[[ RECORDED DATA, beginning ]]
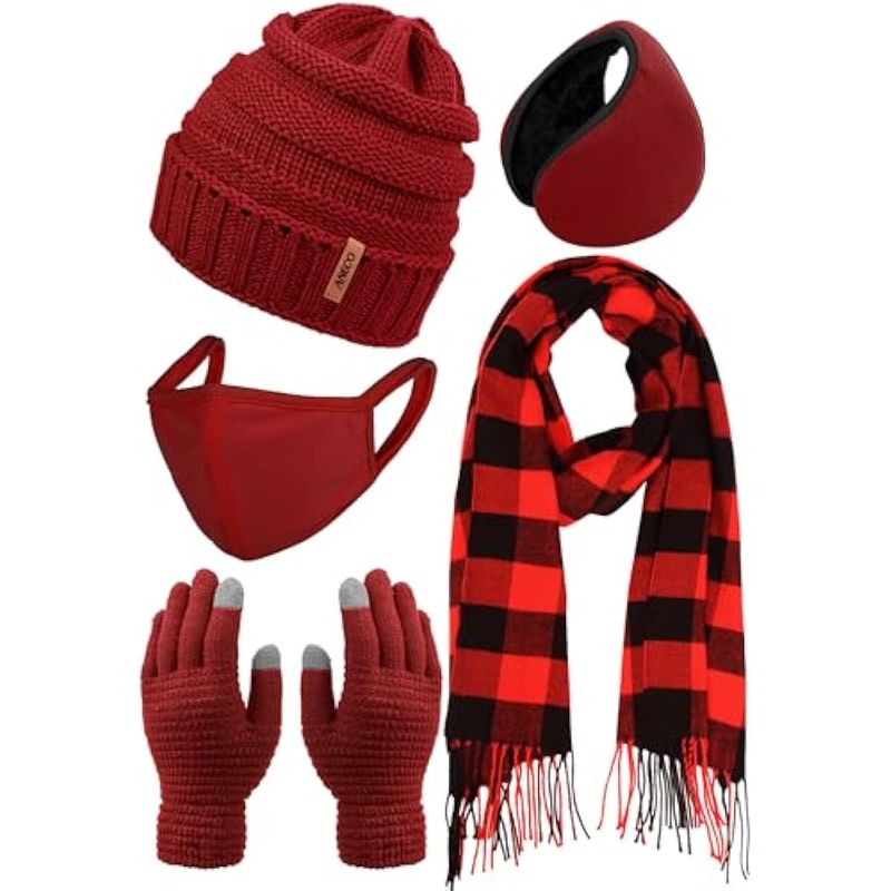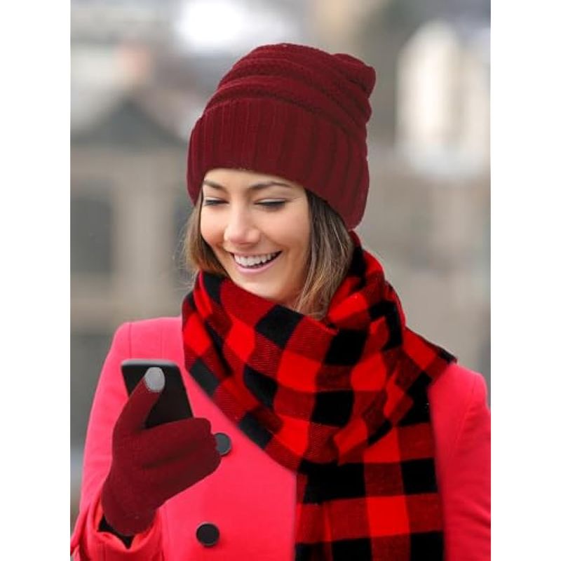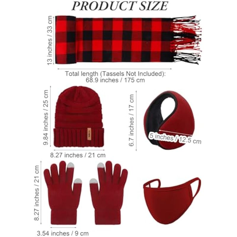 ANECO CONJUNTO CáLIDO DE INVIERNO CON BUFANDA A CUADROS DE BúFALO, GORRO DE PUNTO, GUANTES CON LAZO PARA LAS OREJAS, CUBIERTA CáLIDA PARA HOMBRES Y MUJERES
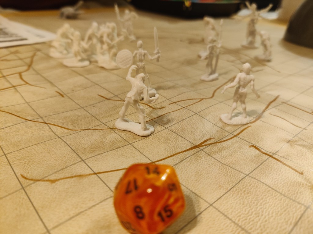 I stedet for at stoppe op og præ-kaste spells og lignende, går vi direkte til kamp med opsætning af figurer, markering af terræn og initiativrul. Runden starter med tre af vores helte, skifter derefter til monstrene og birollerne (de to elvere) og til sidst den fjerde helt. Sekvensen varer fem runder, og den tager to timer.
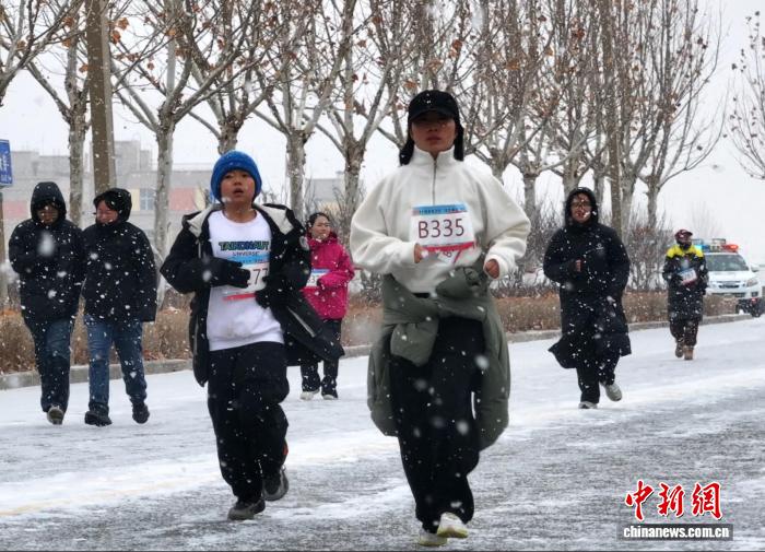 2026年元旦,新疆生产建设兵团第十四师昆玉市在奥林匹克生态体育公园举办“迎新年·奔向新征程”全民健身健康跑活动。当日,在雪花纷飞的跑道上,400余名跑步爱好者以奔跑的姿态迎接新年第一场雪。张芳军 摄
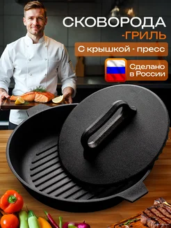 Сковорода гриль чугунная 28см с крышкой пресс
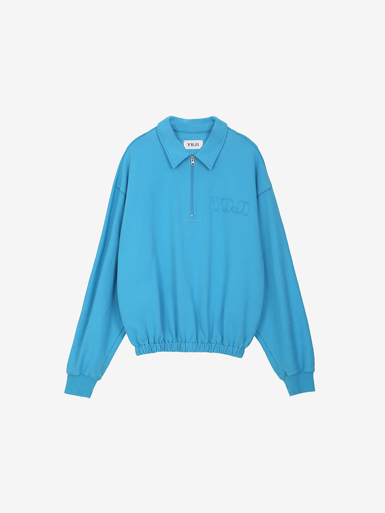 YUJI Mens Yuji Signature Half Zip-Up Sweatshirt Island Blue
[[ RECORDED DATA, end ]]
**PROBLEM STATEMENT**
All of the records need to be reproduced exactly, with each picture omitted.

**SOLUTION FOR THIS TASK**
 ANECO CONJUNTO CáLIDO DE INVIERNO CON BUFANDA A CUADROS DE BúFALO, GORRO DE PUNTO, GUANTES CON LAZO PARA LAS OREJAS, CUBIERTA CáLIDA PARA HOMBRES Y MUJERES
 I stedet for at stoppe op og præ-kaste spells og lignende, går vi direkte til kamp med opsætning af figurer, markering af terræn og initiativrul. Runden starter med tre af vores helte, skifter derefter til monstrene og birollerne (de to elvere) og til sidst den fjerde helt. Sekvensen varer fem runder, og den tager to timer.
 2026年元旦,新疆生产建设兵团第十四师昆玉市在奥林匹克生态体育公园举办“迎新年·奔向新征程”全民健身健康跑活动。当日,在雪花纷飞的跑道上,400余名跑步爱好者以奔跑的姿态迎接新年第一场雪。张芳军 摄
 Сковорода гриль чугунная 28см с крышкой пресс
 YUJI Mens Yuji Signature Half Zip-Up Sweatshirt Island Blue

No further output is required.